Manufacturing by design: New skills needed to compete


OXON HILL Md. – Reviving U.S. manufacturing has emerged as such a hot election-year issue that an entire afternoon of an energy technology conference was devoted to the barriers to domestic manufacturing and obstacles to retraining the U.S. manufacturing workforce.

Those new workers will require design skills that are integral to modern manufacturing along with “soft skills” like critical thinking, leadership and collaborative abilities, experts agreed during an Energy Department conference this week across the Potomac River from Washington.

Corporate executives, educators, current and former bureaucrats and an ex-congressman all weighed in on the erosion of the American manufacturing base and how to return it to global competitiveness. Most argued that labor costs and energy usage aren’t the key barriers; what is needed is a revival of flexible, design-driven manufacturing and a new, modular approach to training the next generation of machinists, engineers and technical managers.

Throughout the preceding two centuries, the U.S. led the world in deploying disruptive technologies ranging from railroads and the telegraph to an electrical grid and communications networks. No more, argued market researcher Stefan Heck of McKinsey & Co. “Where we are lacking is the guts to deploy new technologies.”

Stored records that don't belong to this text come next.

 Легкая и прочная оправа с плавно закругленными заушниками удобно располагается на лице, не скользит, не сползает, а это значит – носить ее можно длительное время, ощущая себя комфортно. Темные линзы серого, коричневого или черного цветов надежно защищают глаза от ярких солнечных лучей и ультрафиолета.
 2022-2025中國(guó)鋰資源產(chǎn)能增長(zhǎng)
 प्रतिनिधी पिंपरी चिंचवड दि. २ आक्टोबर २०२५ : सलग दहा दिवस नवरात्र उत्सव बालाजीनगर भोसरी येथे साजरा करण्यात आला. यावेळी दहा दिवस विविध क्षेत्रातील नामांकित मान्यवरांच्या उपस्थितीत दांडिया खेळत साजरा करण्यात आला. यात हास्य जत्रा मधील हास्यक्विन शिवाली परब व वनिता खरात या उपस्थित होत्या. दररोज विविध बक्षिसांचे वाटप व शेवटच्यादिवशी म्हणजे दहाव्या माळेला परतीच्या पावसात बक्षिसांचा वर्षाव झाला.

Heck’s use of the word “guts” refers not only to the infrastructure needed to roll out new technologies by the willingness to take risks in order to reap the benefits of new energy and other innovations. He argued that much of the semiconductor industry has left the U.S. not because of labor costs - which account for only about 2 percent of the chip production costs - but because most U.S. chip makers “haven’t been willing to make the investment” in the capital equipment needed to operate advanced chips plants.

Heck, who worked closely with global chip companies before shifting his focus to cleantech, was among a range of experts addressing manufacturing and workforce issues during an Energy Department summit sponsored by the Advanced Research Projects Agency for Energy. Leo Christodoulou, program manager for DoE’s Advanced Manufacturing Office, noted that manufacturing currently accounts for 11 percent of the U.S. Gross Domestic Product, employs about 12 U.S. million workers and about 60 percent of U.S. scientists and engineers work in manufacturing-related fields.

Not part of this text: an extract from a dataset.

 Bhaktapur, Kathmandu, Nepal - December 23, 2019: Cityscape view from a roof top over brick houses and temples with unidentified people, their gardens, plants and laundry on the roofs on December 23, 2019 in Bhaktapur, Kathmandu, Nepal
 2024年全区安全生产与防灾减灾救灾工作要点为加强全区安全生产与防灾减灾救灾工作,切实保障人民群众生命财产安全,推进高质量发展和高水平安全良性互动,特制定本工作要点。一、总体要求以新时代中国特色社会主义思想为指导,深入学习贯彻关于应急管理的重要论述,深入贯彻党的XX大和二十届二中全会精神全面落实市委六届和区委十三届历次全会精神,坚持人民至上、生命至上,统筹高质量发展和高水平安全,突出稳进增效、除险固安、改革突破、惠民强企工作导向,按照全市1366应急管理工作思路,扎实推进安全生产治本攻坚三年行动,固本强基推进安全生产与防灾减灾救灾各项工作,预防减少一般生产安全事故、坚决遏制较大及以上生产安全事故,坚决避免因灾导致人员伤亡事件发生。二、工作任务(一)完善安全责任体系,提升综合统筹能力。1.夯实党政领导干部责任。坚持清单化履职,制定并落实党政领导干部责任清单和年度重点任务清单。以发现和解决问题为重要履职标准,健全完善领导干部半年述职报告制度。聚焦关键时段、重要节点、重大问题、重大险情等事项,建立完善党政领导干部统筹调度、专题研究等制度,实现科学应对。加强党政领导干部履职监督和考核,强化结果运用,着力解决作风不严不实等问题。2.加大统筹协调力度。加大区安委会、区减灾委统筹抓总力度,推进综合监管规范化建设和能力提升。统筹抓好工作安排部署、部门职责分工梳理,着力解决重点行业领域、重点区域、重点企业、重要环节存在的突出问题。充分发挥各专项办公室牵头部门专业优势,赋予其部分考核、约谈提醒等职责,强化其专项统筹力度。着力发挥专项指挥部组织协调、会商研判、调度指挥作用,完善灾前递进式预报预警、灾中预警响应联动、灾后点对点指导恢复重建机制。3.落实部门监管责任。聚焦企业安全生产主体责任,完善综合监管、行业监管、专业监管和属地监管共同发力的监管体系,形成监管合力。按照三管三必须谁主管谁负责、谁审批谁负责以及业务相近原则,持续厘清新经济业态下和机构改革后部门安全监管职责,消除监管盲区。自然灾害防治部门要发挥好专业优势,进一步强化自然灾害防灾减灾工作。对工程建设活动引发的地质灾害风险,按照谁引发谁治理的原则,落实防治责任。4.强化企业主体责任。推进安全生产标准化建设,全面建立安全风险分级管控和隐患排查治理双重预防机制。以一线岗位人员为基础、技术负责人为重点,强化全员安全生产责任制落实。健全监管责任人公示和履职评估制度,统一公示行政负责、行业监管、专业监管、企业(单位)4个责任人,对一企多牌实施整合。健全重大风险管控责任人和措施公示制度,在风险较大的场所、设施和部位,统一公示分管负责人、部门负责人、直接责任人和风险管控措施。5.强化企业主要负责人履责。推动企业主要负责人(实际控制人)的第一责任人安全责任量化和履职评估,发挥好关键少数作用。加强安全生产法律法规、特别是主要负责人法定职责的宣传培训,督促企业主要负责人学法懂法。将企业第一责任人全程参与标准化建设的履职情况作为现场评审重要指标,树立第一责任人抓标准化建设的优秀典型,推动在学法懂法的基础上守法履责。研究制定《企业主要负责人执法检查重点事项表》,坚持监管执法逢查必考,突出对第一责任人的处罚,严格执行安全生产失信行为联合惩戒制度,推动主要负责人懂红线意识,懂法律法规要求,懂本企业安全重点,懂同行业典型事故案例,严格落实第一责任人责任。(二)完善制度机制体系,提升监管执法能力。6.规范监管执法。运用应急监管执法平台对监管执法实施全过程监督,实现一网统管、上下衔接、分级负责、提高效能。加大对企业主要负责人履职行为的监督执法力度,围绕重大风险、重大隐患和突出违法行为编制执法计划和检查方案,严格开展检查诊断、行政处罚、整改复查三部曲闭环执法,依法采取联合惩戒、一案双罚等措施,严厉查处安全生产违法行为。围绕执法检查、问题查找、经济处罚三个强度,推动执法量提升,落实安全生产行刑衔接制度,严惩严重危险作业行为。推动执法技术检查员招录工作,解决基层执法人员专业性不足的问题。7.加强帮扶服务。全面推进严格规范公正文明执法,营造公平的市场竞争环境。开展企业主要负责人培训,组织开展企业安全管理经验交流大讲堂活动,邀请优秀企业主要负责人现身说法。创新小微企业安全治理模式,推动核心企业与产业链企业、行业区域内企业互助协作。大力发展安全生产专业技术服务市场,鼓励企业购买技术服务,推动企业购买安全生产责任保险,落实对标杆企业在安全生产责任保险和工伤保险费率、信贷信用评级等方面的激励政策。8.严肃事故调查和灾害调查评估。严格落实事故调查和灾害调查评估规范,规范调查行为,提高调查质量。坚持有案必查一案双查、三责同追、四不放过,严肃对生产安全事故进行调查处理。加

The Energy Department office is looking for ways to promote manufacturing clusters that leverage the local and regional characteristics of U.S. manufacturing (durable goods in the Midwest, high-tech in the Southwest). Further, Christodoulou’s office is attempting to identify the “keystone, foundational technologies” that the U.S. can exploit to revive manufacturing. Two, he noted, are a superior communications infrastructure and first-rate universities.

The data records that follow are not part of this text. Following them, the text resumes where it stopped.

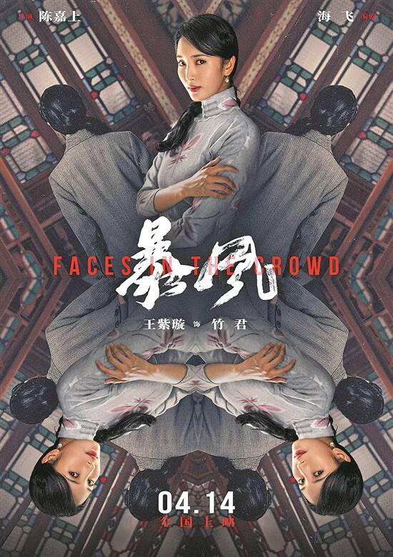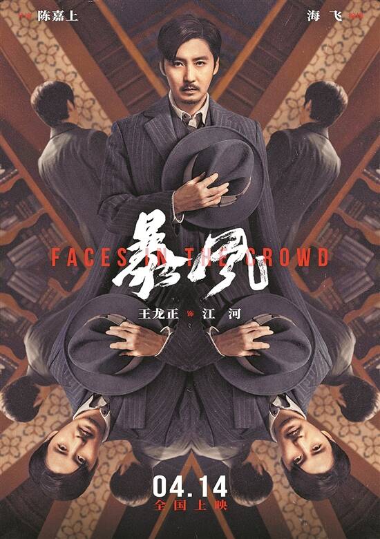 王龙正扮演的江河,手提一顶黑色礼帽。外表看似普通商人的他,似乎随时准备戴上帽子,变身为另一个人。王紫璇扮演的竹君和尹正扮演的十二少,一个双手紧紧抱胸,一个正将右手插入西服内袋,两人的姿态似呈守势,透出时刻准备应变的机敏与警觉。
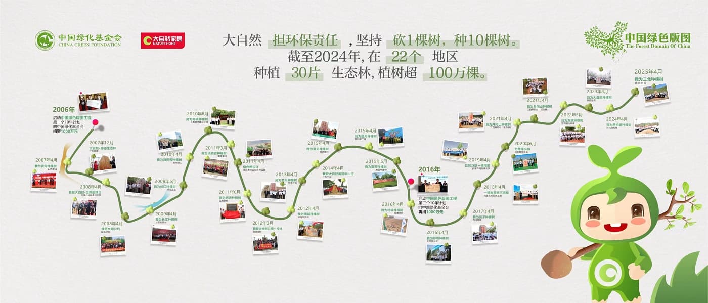 自“中國綠色版圖”工程啟動以來,大自然家居董事長佘學彬提出的“砍一棵樹,種10棵樹”理念在20年間持續踐行,以長期堅守為指引,積極推動行業走向商業向善的可持續發展道路,并帶動更多人加入守護環境、共創綠色未來的行列。
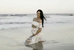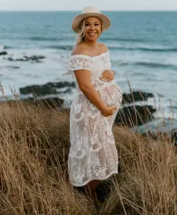 This gorgeous ethereal off-the-shoulder ivory lace dress is our all-time favourite dress for baby showers, maternity photos and more. It can be worn as a non-maternity dress, so you can wear it post-partum and for years after your pregnancy.

Identifying and developing new materials and manufacturing methods are among the next steps in forming regional and state clusters focused on value-added manufacturing, he added. Together, these advances could help transform American manufacturing into an agile, design-driven sector capable of thriving in a global technology competition that places a premium on being the first to deliver innovative products.

With labor-intensive manufacturing unlikely to return to the U.S., McKinsey’s Heck argued: “What we have to shift to is the kind of manufacturing that involves technology, involves automation, involves engineering skill sets, involves more complicated kinds of tasks…things that actually require design, require looking at 3-D CAD drawings, require particular skills to make sure the quality is high.” He offered as examples jet and rocket engines, products that are not only strategically important but require precise tolerances, very exact machining and control of temperature cycles during design and manufacturing.